If unions are unable to make decisive breakthroughs in times of job growth it is not likely that it will improve during rising unemployment.

The 1980s experience of mass unemployment and its impact on trade union organisations cannot be forgotten.

The second issue for trade unions is the legal environment. For decades unions have been systematically taken apart by hostile legislation. The core of anti-union laws remain the Thatcher laws of 1980, 1982 and 1984. They have never been repealed or amended to trade union advantage.

There have been attempts to make them worse but the recent Employment Rights Act (ERA) has pushed those attempts back.

It is still the case that secondary picketing is illegal, solidarity strikes are illegal, the closed shop is illegal and that ballots and notices are required to avoid legal sanctions by bosses.

The campaign for an ERA2 is essential for trade union growth. But despite over 15 years of Labour governments since Thatcher there has been no impactful reversal of the severe restrictions on trade union solidarity.

The third issue is one of politics. The union movement sees no clear political alternative to a Burnham-led revival. Unison’s new general secretary Andrea Egan was elected on a platform of a clear break with the bureaucratic past and a commitment to more robust campaigning and organising.

Yet she has declared herself a “big fan” of Andy Burnham. This may mean something or nothing but it illustrates the pull from the Labour Party. Conversely Sharon Graham as general secretary of Unite positioning the union away from Labour has not been a decisive game changer and overtures from the likes of Burnham will likely be listened to.

Your Party became the sectarian project that many predicted and the Green Party has no meaningful connection to the union movement and despite recent overtures to union leaderships the Greens remain an unlikely path to trade union revival.

But there are movements out there that are politically vigorous and thriving.

The opposition to the Gaza genocide and the war on Iran represents the most dynamic movement in the country and coincidentally packed with young people. Many trade union general secretaries speak at Stop the War platforms.
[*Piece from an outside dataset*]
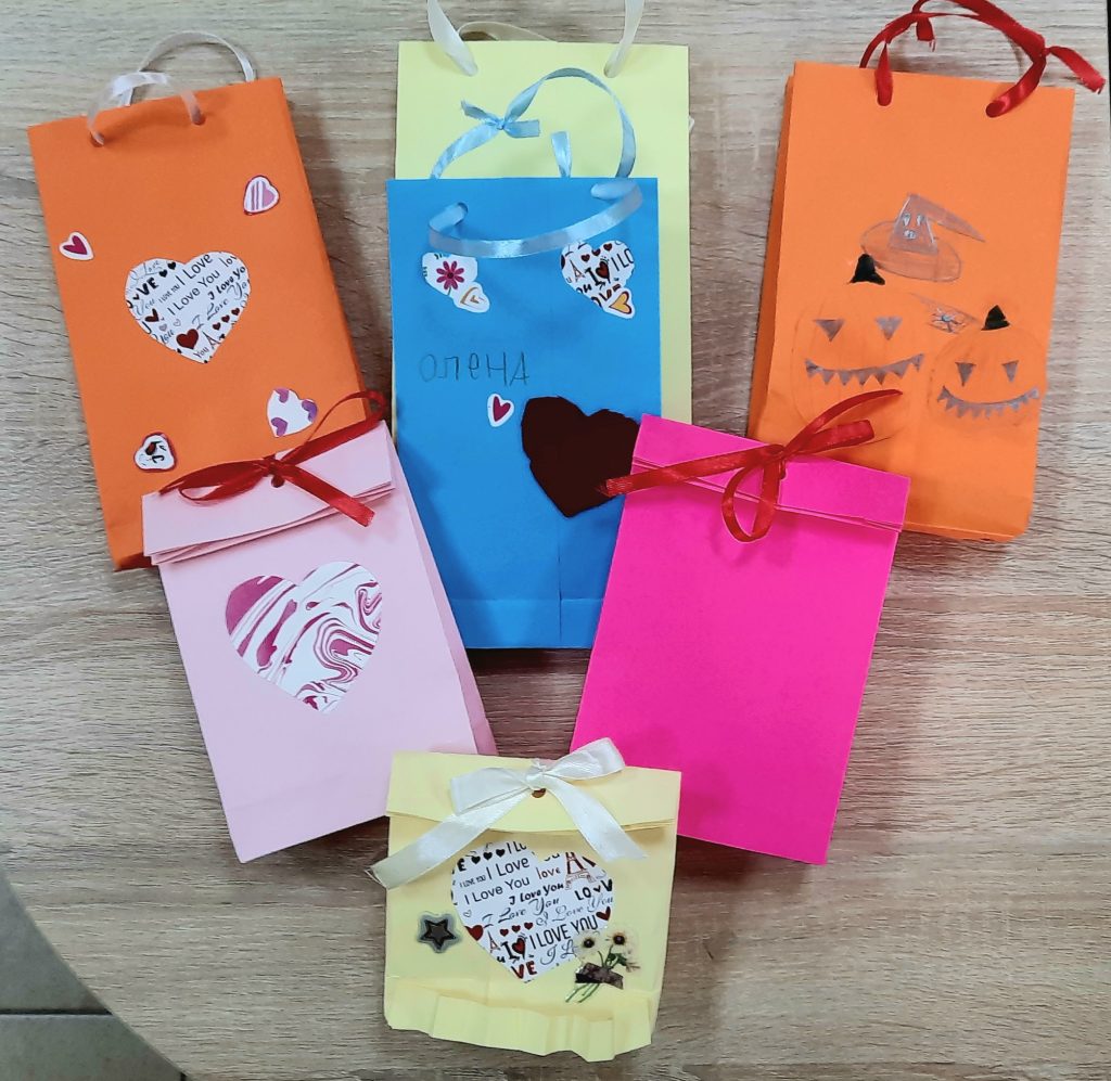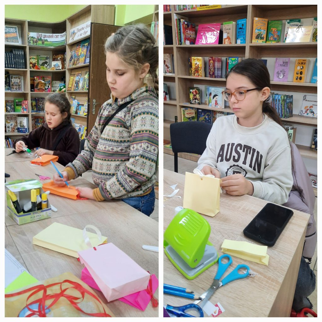 2 листопада на черговому занятті гуртка “Яскраве дитинство” бібліотекарі провели майстер-клас із виготовлення подарункових пакетиків, які ідеально підійдуть для прикрас, аксесуарів та інших невеличких подарунків. Власноруч виготовлені пакети допоможуть у створенні святкової атмосфери, збереження інтриги та виявлення уваги до людини, якій презентується подарунок.. Подарункові пакети надають подарунку завершеного вигляду, роблять його сюрпризом і підвищують емоційну цінність вручення. Діти дуже старались, тому результат підтвердив очікування. Кожен пакетик – яскравий, неповторний та оригінальний.

Tying this commitment to an organising and recruitment plan for young workers has surely got to be a plan.

The wars are causing recession, living standards and jobs are threatened and only the unions have the organisational and financial muscle to end it.

For that reason the International Peace Conference in London on June 20 should be a moment too for the unions.

Along with the Together Alliance and the need to challenge Reform now as actual employers and not just as racist outliers there are plenty of reasons for the unions to combine industrial organising with political objectives.

Finally there is the need for unions to confront organisational failures. Ever since the TUC Organising Academy was established in 1995 unions have established a number of variations on the same ethos.

US-inspired community organising methods transferred onto British unions. These staff-led initiatives have made no decisive difference to the continued decline to the national membership of the movement at large.

The Labour Force Survey records some occasional single figure percentage up or down but the direction of travel is still the same. After the strike wave of 2022 and 2023 it went back to business as usual.

I discuss this in my book Our Trade Unions (Manifesto Press). We are still more or less at the same point. Unless trade unions reorganise themselves on the basis of empowering the activists and deploying their resources directly to activists then the movement will continue to be a 20th-century institution with a 20th-century culture of servicing and administration.

Officer-led organising can win small local disputes but cannot win national struggles that require mass mobilisations.

The Labour Force Survey outcome should encourage the unions to be much bolder and much more decisive.

In recent months the Indian trade union movement has organised yet again the largest general strikes in all of history, involving over 265 million workers. That can be our inspiration.  

We can look again in a future article on what this inspiration can mean.